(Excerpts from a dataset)

....................

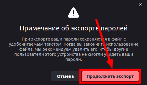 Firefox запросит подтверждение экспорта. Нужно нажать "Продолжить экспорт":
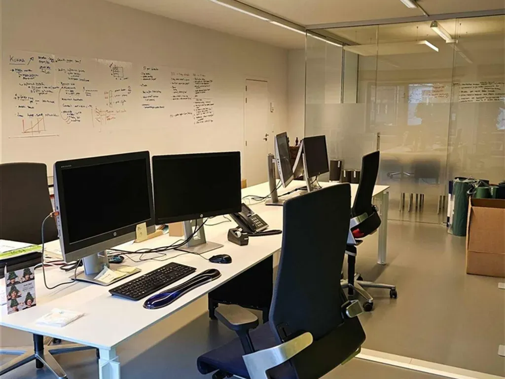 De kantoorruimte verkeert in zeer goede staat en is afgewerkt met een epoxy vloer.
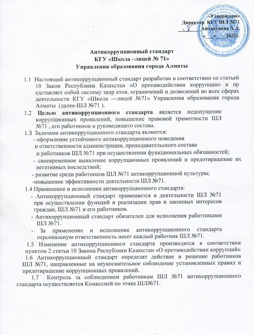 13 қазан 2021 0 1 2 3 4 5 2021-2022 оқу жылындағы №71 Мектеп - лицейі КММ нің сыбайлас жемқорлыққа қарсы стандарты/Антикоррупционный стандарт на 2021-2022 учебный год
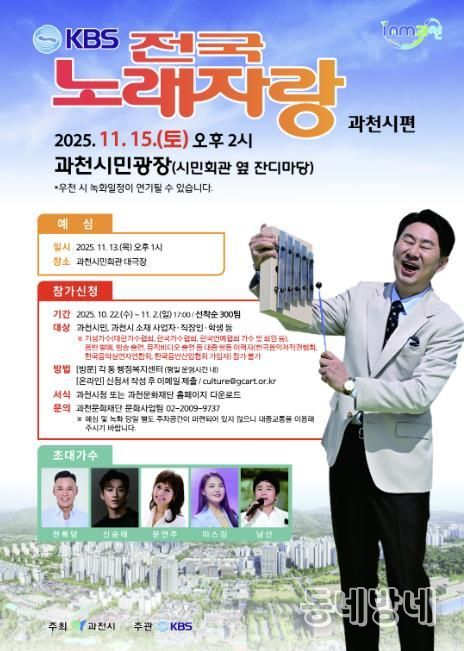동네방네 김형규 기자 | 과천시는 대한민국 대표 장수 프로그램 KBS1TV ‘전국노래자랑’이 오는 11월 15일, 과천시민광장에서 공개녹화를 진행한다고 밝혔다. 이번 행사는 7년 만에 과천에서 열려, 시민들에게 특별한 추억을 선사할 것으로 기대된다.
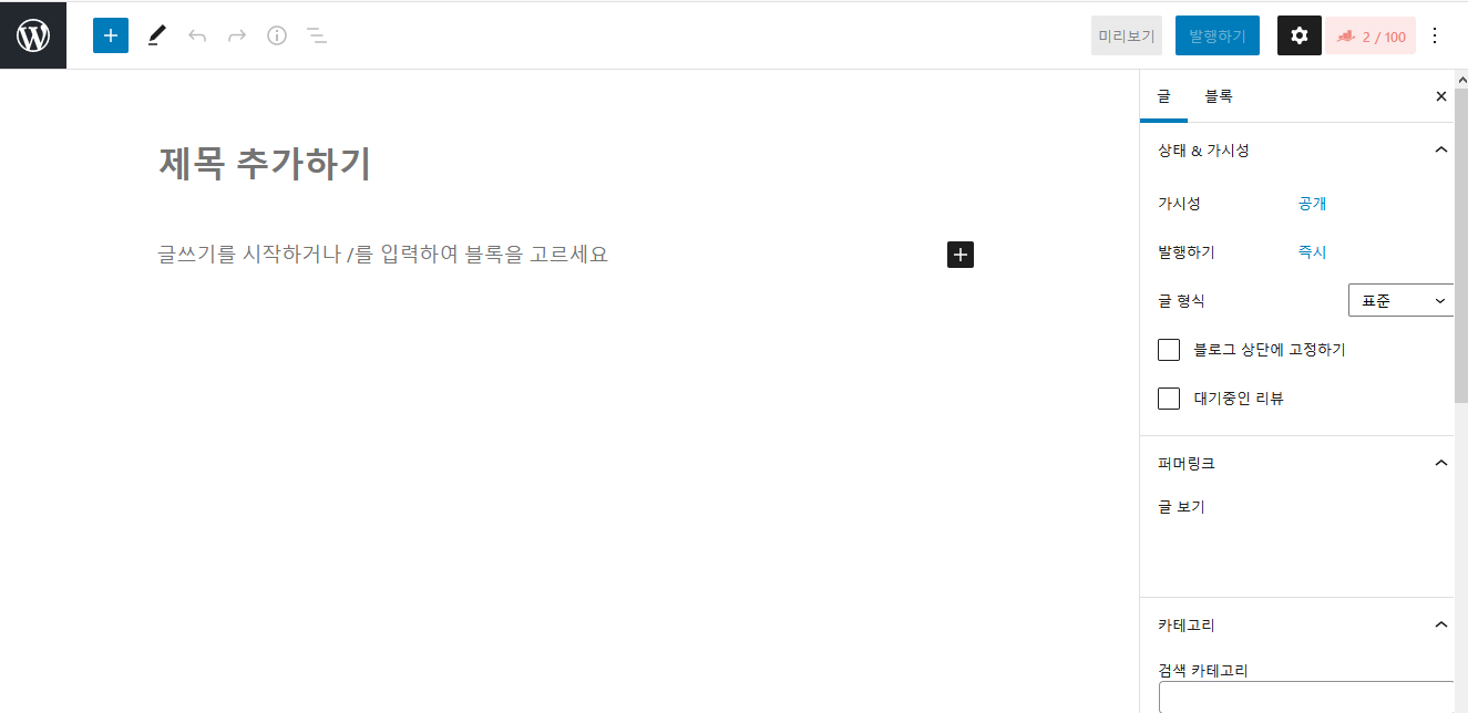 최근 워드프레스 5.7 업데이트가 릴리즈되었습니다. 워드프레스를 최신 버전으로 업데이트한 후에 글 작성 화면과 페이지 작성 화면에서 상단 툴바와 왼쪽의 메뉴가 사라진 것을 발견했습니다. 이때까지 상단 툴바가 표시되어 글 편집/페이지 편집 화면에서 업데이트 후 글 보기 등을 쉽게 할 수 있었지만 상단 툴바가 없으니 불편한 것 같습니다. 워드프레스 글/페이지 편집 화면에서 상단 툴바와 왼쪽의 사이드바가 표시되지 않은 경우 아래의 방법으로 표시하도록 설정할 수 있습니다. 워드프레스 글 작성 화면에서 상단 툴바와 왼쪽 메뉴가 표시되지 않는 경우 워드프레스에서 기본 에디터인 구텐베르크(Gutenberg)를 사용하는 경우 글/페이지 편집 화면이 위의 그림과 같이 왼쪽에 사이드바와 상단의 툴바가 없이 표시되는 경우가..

....................

▶ TASK DETAILS
Leave the pictures behind and repeat each entry exactly.

▶ OUTPUT OF THE TASK
 Firefox запросит подтверждение экспорта. Нужно нажать "Продолжить экспорт":
 De kantoorruimte verkeert in zeer goede staat en is afgewerkt met een epoxy vloer.
 13 қазан 2021 0 1 2 3 4 5 2021-2022 оқу жылындағы №71 Мектеп - лицейі КММ нің сыбайлас жемқорлыққа қарсы стандарты/Антикоррупционный стандарт на 2021-2022 учебный год
동네방네 김형규 기자 | 과천시는 대한민국 대표 장수 프로그램 KBS1TV ‘전국노래자랑’이 오는 11월 15일, 과천시민광장에서 공개녹화를 진행한다고 밝혔다. 이번 행사는 7년 만에 과천에서 열려, 시민들에게 특별한 추억을 선사할 것으로 기대된다.
 최근 워드프레스 5.7 업데이트가 릴리즈되었습니다. 워드프레스를 최신 버전으로 업데이트한 후에 글 작성 화면과 페이지 작성 화면에서 상단 툴바와 왼쪽의 메뉴가 사라진 것을 발견했습니다. 이때까지 상단 툴바가 표시되어 글 편집/페이지 편집 화면에서 업데이트 후 글 보기 등을 쉽게 할 수 있었지만 상단 툴바가 없으니 불편한 것 같습니다. 워드프레스 글/페이지 편집 화면에서 상단 툴바와 왼쪽의 사이드바가 표시되지 않은 경우 아래의 방법으로 표시하도록 설정할 수 있습니다. 워드프레스 글 작성 화면에서 상단 툴바와 왼쪽 메뉴가 표시되지 않는 경우 워드프레스에서 기본 에디터인 구텐베르크(Gutenberg)를 사용하는 경우 글/페이지 편집 화면이 위의 그림과 같이 왼쪽에 사이드바와 상단의 툴바가 없이 표시되는 경우가..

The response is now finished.